■ **What the task requires**: Pull out of the data below the stretch of lines bounded by the one containing "천지로 가는 서파 등정로는 1236개의 목조,석조 계단으로 이루어져 있다." and the one containing "Cravatta uomo nera", both bounds included, unchanged.

■ **Data to use**:
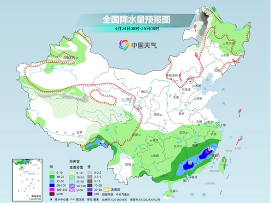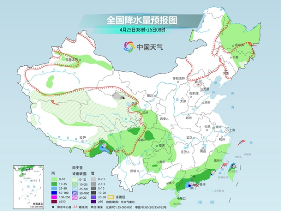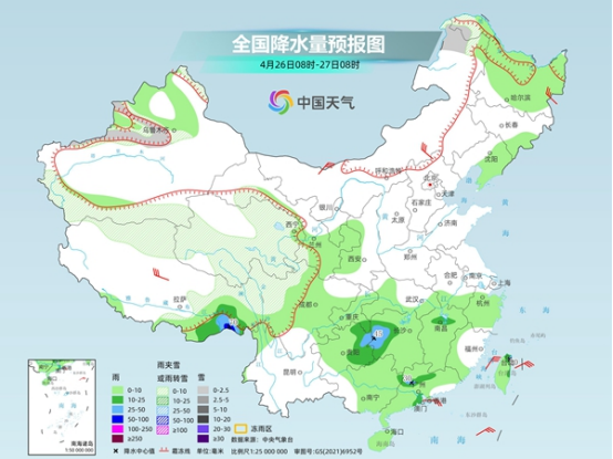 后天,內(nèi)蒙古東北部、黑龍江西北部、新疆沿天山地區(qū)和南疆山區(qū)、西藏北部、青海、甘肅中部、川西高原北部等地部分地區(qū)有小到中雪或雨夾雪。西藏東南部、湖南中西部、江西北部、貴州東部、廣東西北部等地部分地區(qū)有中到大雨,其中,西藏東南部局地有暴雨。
...
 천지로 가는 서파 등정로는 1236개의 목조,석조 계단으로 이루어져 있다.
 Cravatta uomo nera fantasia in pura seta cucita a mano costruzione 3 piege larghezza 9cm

■ **Exercise output**:
 천지로 가는 서파 등정로는 1236개의 목조,석조 계단으로 이루어져 있다.
 Cravatta uomo nera fantasia in pura seta cucita a mano costruzione 3 piege larghezza 9cm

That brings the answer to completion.